#### Prompt
Start at the line with "To make Misty" in the records below, stop at the line with "written on back.", and return every line in that span exactly, the two end lines included.

----- Records shown -----

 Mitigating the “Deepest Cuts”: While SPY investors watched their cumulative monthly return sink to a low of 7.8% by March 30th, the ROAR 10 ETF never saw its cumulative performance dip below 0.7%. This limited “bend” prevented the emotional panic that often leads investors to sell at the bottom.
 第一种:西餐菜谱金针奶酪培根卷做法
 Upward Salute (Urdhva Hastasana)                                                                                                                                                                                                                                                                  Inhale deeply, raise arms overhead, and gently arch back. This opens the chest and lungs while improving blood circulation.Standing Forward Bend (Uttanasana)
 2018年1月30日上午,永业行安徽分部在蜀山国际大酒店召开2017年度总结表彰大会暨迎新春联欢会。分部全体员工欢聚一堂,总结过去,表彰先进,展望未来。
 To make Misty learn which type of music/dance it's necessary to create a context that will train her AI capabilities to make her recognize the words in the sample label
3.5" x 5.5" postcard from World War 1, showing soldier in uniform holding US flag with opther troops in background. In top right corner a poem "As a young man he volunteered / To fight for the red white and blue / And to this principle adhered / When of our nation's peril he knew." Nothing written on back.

-----
----- Records shown -----

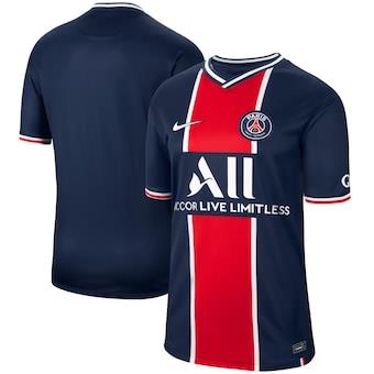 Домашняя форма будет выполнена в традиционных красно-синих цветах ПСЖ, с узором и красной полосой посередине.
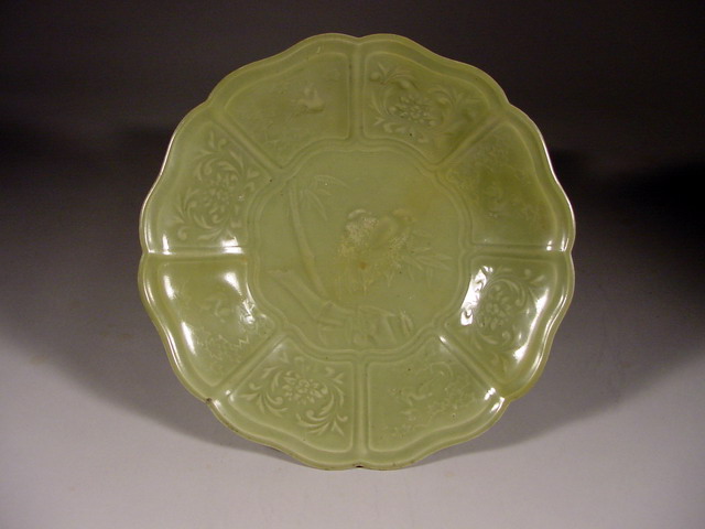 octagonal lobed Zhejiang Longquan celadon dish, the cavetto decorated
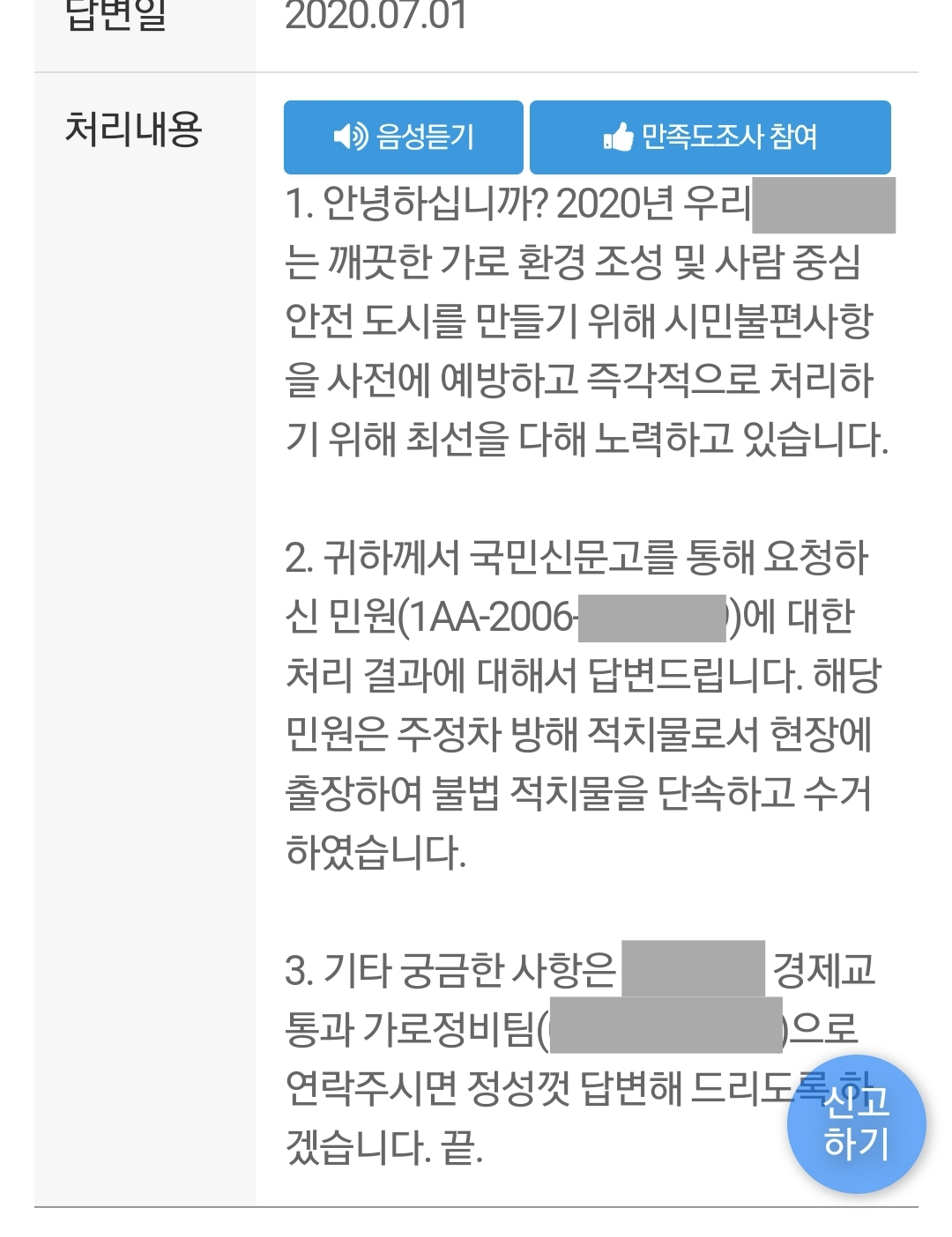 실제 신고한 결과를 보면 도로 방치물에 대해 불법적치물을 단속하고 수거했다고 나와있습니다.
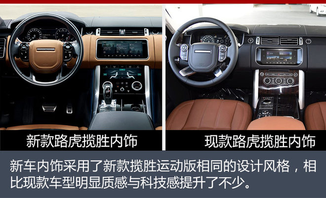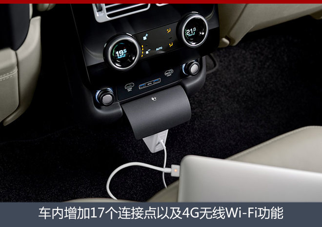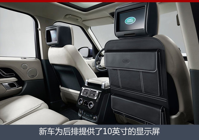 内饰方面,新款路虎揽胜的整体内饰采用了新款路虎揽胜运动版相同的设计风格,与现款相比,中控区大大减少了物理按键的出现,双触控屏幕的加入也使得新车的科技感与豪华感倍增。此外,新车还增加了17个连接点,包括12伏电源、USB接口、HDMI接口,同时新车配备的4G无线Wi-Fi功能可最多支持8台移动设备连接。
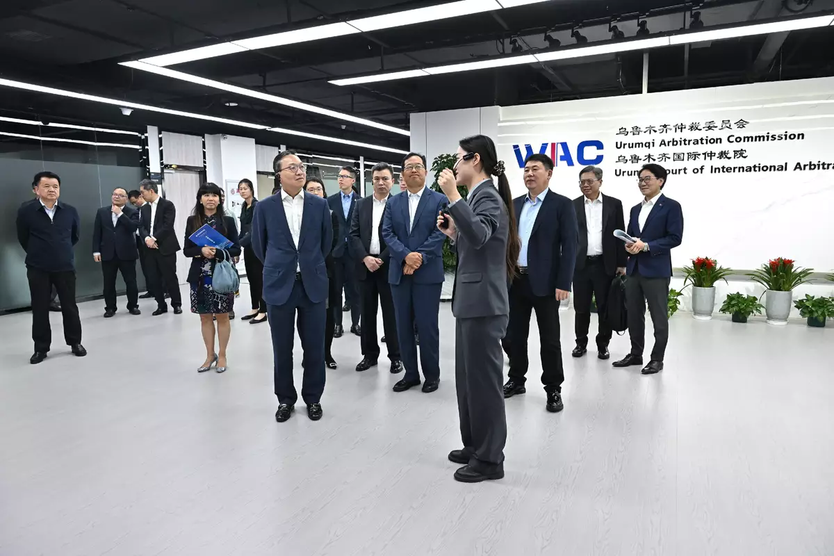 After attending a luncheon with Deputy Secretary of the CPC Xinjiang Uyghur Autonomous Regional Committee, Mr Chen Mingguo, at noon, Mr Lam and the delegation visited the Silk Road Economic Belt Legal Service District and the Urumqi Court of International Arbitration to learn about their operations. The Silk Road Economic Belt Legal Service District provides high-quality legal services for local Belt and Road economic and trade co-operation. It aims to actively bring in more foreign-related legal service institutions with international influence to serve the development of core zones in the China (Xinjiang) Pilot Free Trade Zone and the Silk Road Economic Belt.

-----

#### Answer box
 To make Misty learn which type of music/dance it's necessary to create a context that will train her AI capabilities to make her recognize the words in the sample label
3.5" x 5.5" postcard from World War 1, showing soldier in uniform holding US flag with opther troops in background. In top right corner a poem "As a young man he volunteered / To fight for the red white and blue / And to this principle adhered / When of our nation's peril he knew." Nothing written on back.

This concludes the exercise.